Then Noel ditched class. I turned my cabbage juice a variety of shades of bluish purple, made the best notes I could and left without speaking another word to anyone.
13
The Thousand Reasons Not to Kiss Noel
1. Nora likes him. She told me so. True, she hasn't done anything about it except giggle when he's around and touch his shoulder too much. But she is my best friend, the only one of my old crowd who came back after the debacles of sophomore year--and she liked him first.
2. Nearly the entire population of Tate Prep thinks I am a megaslut, even though I've kissed a total of six guys in sixteen years and have never even reached the nether regions. Given my shattered reputation, I should swear off guys for a while. Like forever.
3. I am still mentally unstable thanks to said sophomore-year debacles and have to see Doctor Z to keep some semblance of sanity. I am obviously in no shape to have an actual boyfriend.
4. I have two whole friends, Meghan and Nora. If I went for Noel, and Nora hated me for it, Meghan would probably hate me too. I cannot afford to be friendless. I have been there before, thank you very much, and have no intentions of returning to complete leprosy. 2
--entry in The Girl Book, my sort-of, only-sometimes-updated journal, written December of junior year.

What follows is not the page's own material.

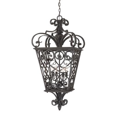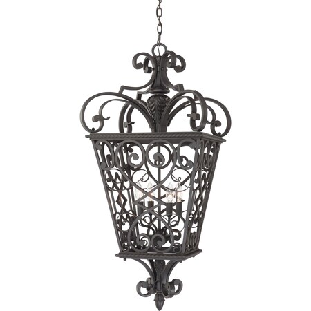 Quoizel FQ1920MK01 Fort Quinn Wrought Iron Outdoor Foyer Pendant Lighting, 4-Light, 240 Watts, Marcado Black (41" H x 19" W)

Okay, so those are only four reasons, not a thousand. But they might as well have been a thousand, as they still resulted in me not kissing Noel and Noel not kissing me.
***
2 Leprosy: It's a metaphor. Leprosy is a horrible bacterial disease that disfigures your face and rots your hands and feet. They used to send all the lepers into isolation hospitals or make them wear bells so people would hear them coming and stay clear.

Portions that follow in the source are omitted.